International classification

Abstract

A Montgomery multiplier includes a partial product computing unit for multiplying a multiplicand and a multiplier; a modulus reduction computing unit for performing a multiplication of a modulus and a quotient that reflects a quotient sign; an accumulation unit for accumulating in a intermediate value an output value of the partial product computing unit and an output value of the modulus reduction computing unit from a previous cycle; a quotient computing unit for receiving an accumulation value of the accumulation unit during a current cycle and calculating a quotient sign to be used during a next cycle; and a quotient sign determination unit for determining a quotient sign to be used during a next cycle from the multiplicand, the multiplier and the quotient.

Claims

1. A Montgomery multiplier apparatus, comprising: a partial product computing unit configured to multiply a multiplicand and a multiplier; a modulus reduction computing unit configured to multiply a modulus and a quotient with a quotient sign, wherein the quotient is zero during a first cycle; an accumulation unit configured to accumulate in a intermediate value an output value of the partial product computing unit and an output value of the modulus reduction computing unit from a previous cycle; a quotient computing unit configured to receive an accumulation value of the accumulation unit during a current cycle and to calculate a quotient to be used during a next cycle; and a quotient sign determination unit configured to determine the quotient sign to be used during the next cycle from the multiplicand, the multiplier and the quotient.

2. The Montgomery multiplier of claim 1, wherein the multiplicand, the multiplier and the quotient are represented by radix-based bits.

3. The Montgomery multiplier of claim 1, further comprising a first booth recoding unit configured to booth recode the multiplier.

4. The Montgomery multiplier of claim 1, further comprising a second booth recoding unit configured to booth recode the quotient.

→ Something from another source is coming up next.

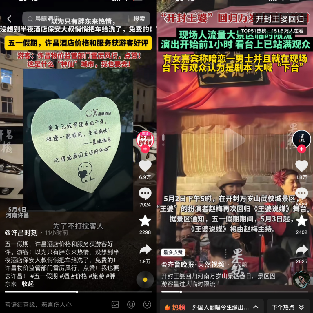 来源:财经无忌 不出任何“意外”,随着五一假期的落幕,旅游市场再度交出了亮眼成绩单。 据文旅部最新测算数据,今年五一,全国国内旅游出游达2.95亿人次,同比增长7.6%,按可比口径较2019年同期增长28.2%。旅游收入方面,国内游客出游总花费达1668.9亿元,同比增长12.7%,按可比口径较2019年同期增长13.5%。 综合多家OTA平台的数据,今年五一假期,国内旅游市场在去年同期高位基础上保持稳中有增的态势,人均预订量和人均消费金额均实现了同比两位数增长。同时,下沉市场增速明显高于一二线市场。 整个五一,“一亿人在XX”成了网友们用来形容五一集体出游盛况的热梗。与去年五一的爆发性出游相比,今年五一似乎有过之而无不及。不只是北京、上海、杭州等主要一线城市“人从众”现象,在“反向旅游”的热潮下,据携程数据,秦皇岛、威海、淄博、黄山、泰安等三、四线城市的旅游订单平均增长11%,而如安吉、桐庐、都江堰、义乌、婺源、景洪等县域小城的旅游订单更是平均增长了36%。 ![]() 图源:携程旅行 在这些宏观数据背后,都与“人”离不开关系。「财经无忌」和一些五一出游的年轻人聊了聊发现,他们今年五一出游最直接的感受可以总结为三个“更”:目的更明确、价格要更有性价比、更愿意为体验付费。 为了抓住更多年轻人,每年的五一,各地文旅局和地方政府也频放大招,集体整活儿。四川剑门关景区背诵《蜀道难》赢门票、广东潮汕的英歌舞、淄博的海月龙宫万人烤场......与过去相比,越来越多的城市不仅关注到五一所带来的流量,也将视角放在了“流量的转化”上,通过结合自身的资源禀赋,正打出各式各样的营销牌与特色牌。 从需求端和供给端的变化来看,也让今年五一的转折意味显得更浓了些。 01.报复性消费走了,情绪价值消费来了 与去年五一的“报复性出游”相比,今年五一年轻人旅游观显然有了新的变化,主要体现为三点:目的更明确、价格要更有性价比、更愿意为体验付费。 为了今年五一能有一个“松弛感”旅行,在3月裸辞休息了一段时间的李鸣早早地制定了行程,从天津、淄博再到青岛,用他的话来说:“一个城市只干一件事。”去天津是为了赴一场音乐节,去淄博是为了吃烧烤,去青岛则是为了去海边看场日落。因为目的明确,整个五一行程李鸣并没有觉得很累:“能在五一出行的勇士基本都知道,出门就是人挤人,不如索性就降低预期。” 与李鸣同样为旅行“做减法”的还有小马。本计划在南京打卡景点的她,在第一天经历了夫子庙的“人山人海”后,立刻决定调整自己的旅行计划——从景点打卡转变为在穿着汉服来一场Citywalk。她和朋友预约了第二天的汉服妆造,挑选了自己喜欢的服饰,在老门东边吃边拍边玩度过了一天。因为顺势改变计划,小马和朋友还有了意外收获:“我们逛到了白鹭洲公园,工作人员看到我们穿着汉服,还免了我们的门票。” ![]() 小马的汉服体验vs南京景区人流 图源:受访者 与社交媒体上所展现出的“盲目跟风打卡”不同,深知“五一旅行热”的年轻人已开始灵活转变旅行计划和思路,除了更明确的目标外,强调小众和性价比的“反向旅游”也成为这个五一年轻人出行的新选择。 五一期间原本打算带着家人去重庆的赵良因为“抢票失败”最终决定避开人潮,自驾从上海前往浙江安吉“吸氧”。在安吉,赵良还特地避开了云上草原等网红景点,去了余村、长谷洞天,尽管五一期间人流量还是很多,但门票和饮食价格性价比都很高,加上有山有水的景色,让赵良一家的体验感都很不错,整个旅行只花了不到3000元。 像安吉这样的县域目的地已成为了年轻人们“反向旅游”的首选。携程数据显示,桐庐、都江堰、阳朔、弥勒、义乌、婺源等地的旅游订单在今年五一平均增长36%。区别于去年流行的特种兵打卡,越来越多的年轻人在寻找一种更贴近自然、更自由的新玩法。 还有的年轻人,这个五一的旅行,只为了奔赴一场浪漫。在山东烟台里蹦岛,被歌手华晨宇带火的“日出演唱会”在这个五一成为了出圈话题。一位现场粉丝告诉「财经无忌」,虽然后续交通体验不是很好,但“日出演唱会”还是给了歌迷很好的体验。 ![]() 华晨宇在烟台的“日出演唱会” 图源:烟台文旅 如果将去年五一形容为“报复性消费”,从上述年轻人的新旅行趋势不难看出,今年五一所呈现是一种“新的情绪价值消费”。 一方面,在消费理性的趋势下,不追求旅行高大上的牌面,而是向往体验和价格的性价比,将会成为未来的长期趋势。另一方面,在旅行中,人们也越来越注重情绪价值的精神消费——一次汉服体验、一次音乐节、一场演唱会...... 从报复性消费到情绪价值消费,这是在五一“人山人海”,我们需要关注的第一个新变化。 02.从抢人到留人,城市也变了 为了在这个五一抓住年轻人,城市与城市之间也开启了新一波的“抢人大战”。 走在最前面的就是各地再度“出战”的文旅局长们。在今天,文旅局长们“躬身代言家乡”已不是什么新鲜事,从去年年初开始网红文旅局长们的短视频大战,再到今年年初由哈尔滨、河南所掀起的“喊话大战”,具有网感和亲和力的“网红局长们”俨然已成为地方的新晋IP。 今年五一,比起此前的卖力式营销,“文旅局长们”打起了“不卷牌”——从花式镜头营销转变为踏踏实实地旅游推介。比如,著

5. The Montgomery multiplier of claim 1, wherein the multiplicand and the multiplier are each an integer whose value is in a range -m to m, and wherein m is the modulus.

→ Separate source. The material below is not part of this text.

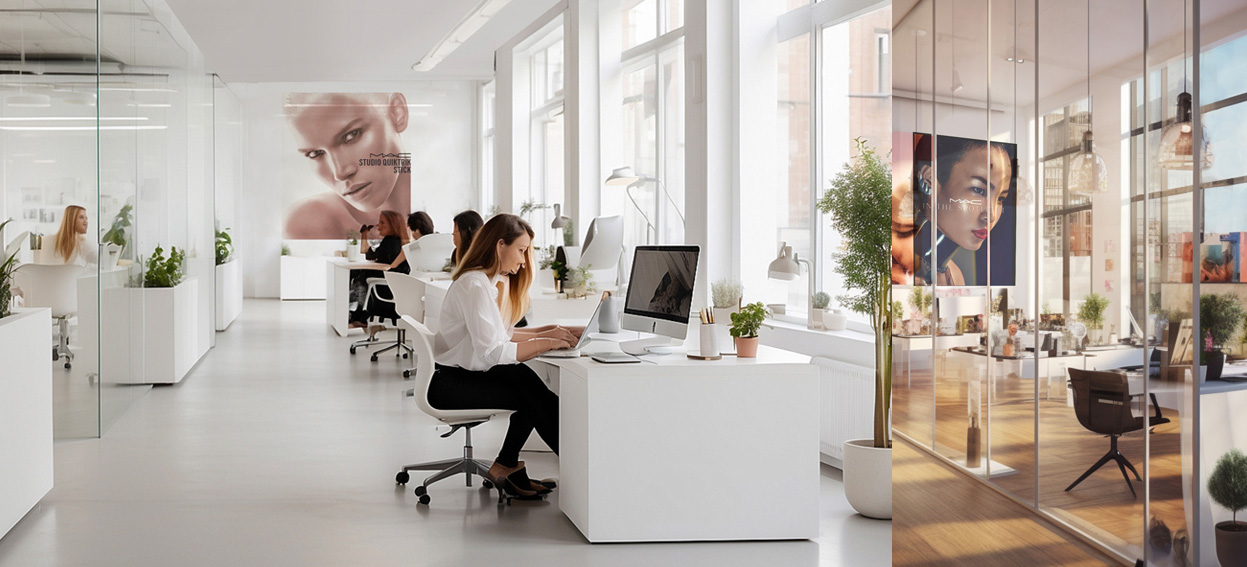 neue Bürogestaltung in Betracht der sich ändernden Arbeitswelten, home-office, etc… Konzepte für Estee Lauder Offices Munich, in Zusammenarbeti mit Jürgen Johannes Architekt

6. The Montgomery multiplier of claim 1, wherein the quotient sign determination unit determines the quotient sign by tracking a quotient being calculated during each cycle.

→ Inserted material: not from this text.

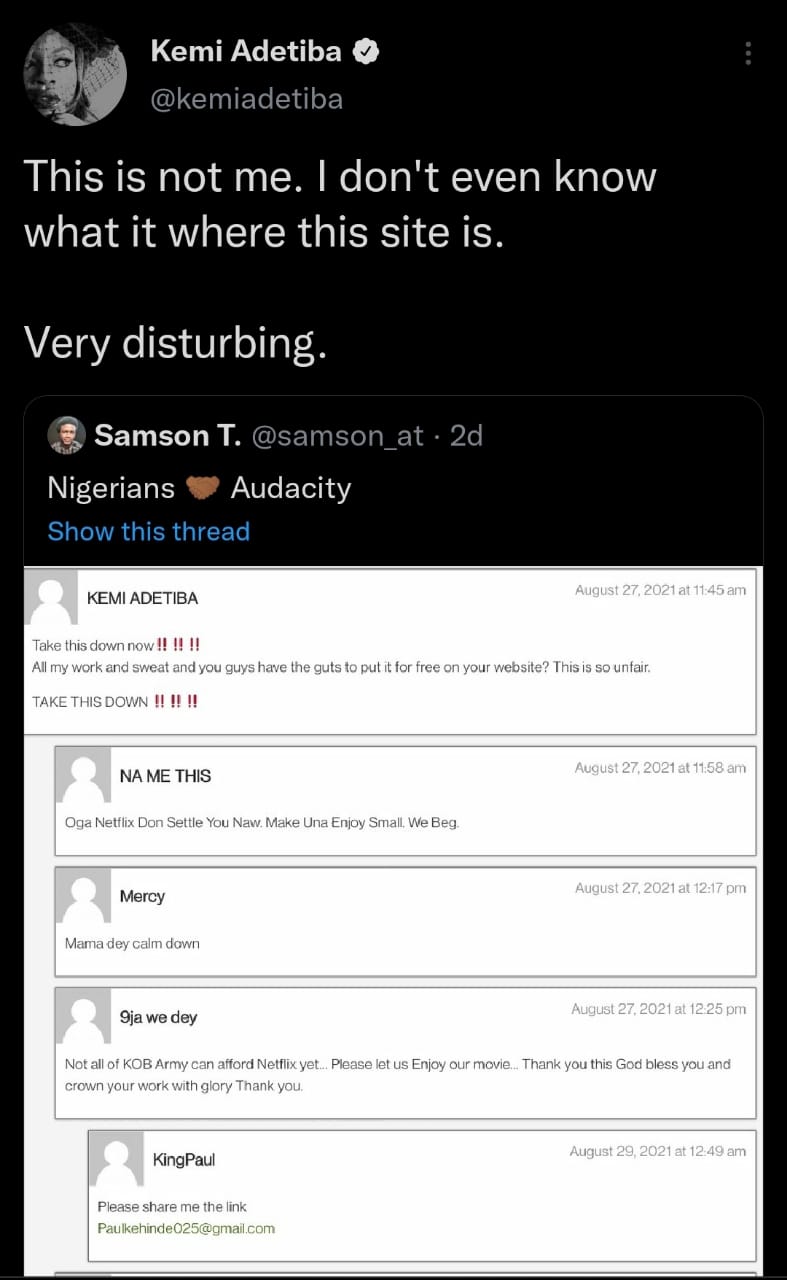 Kemi Adetiba denies commenting on site illegally circulating 'KOB' series

7. The Montgomery multiplier of claim 6, wherein the quotient sign for a next cycle is negative if the sign of the quotient and the sign of a product of the multiplicand and the multiplier are both positive, the quotient sign is positive if the sign of the quotient and the sign of the product of the multiplicand and the multiplier are both negative, and the quotient sign is zero otherwise.

8. A Montgomery multiplier apparatus, comprising: a partial product computing unit configured to calculate a partial product of a multiplier and a multiplicand during a current cycle; a quotient sign determination unit configured to determine a quotient sign of a quotient calculated during a previous cycle, wherein the quotient is zero during a first cycle; a modulus reduction computing unit configured to calculate a modulus reduction by multiplying a modulus of the multiplier and multiplicand by the quotient based on the determined quotient sign; an accumulation unit configured to accumulate in a intermediate value the partial product and the modulus reduction from a previous cycle, and a quotient computing unit configured to calculate the quotient from the intermediate value, wherein the quotient is used during a next cycle.

9. The Montgomery multiplier apparatus of claim 8, further comprising a first booth recoding unit configured to booth-recode the multiplier.

10. The Montgomery multiplier apparatus of claim 8, further comprising a second booth recoding unit configured to booth-recode the calculated quotient.

11. The Montgomery multiplier apparatus of claim 8, wherein the quotient sign determination unit determines the quotient sign by tracking a quotient during every cycle.

12. The Montgomery multiplier apparatus of claim 11, wherein the quotient sign is determined by a sign of a most significant bit of the tracked quotient.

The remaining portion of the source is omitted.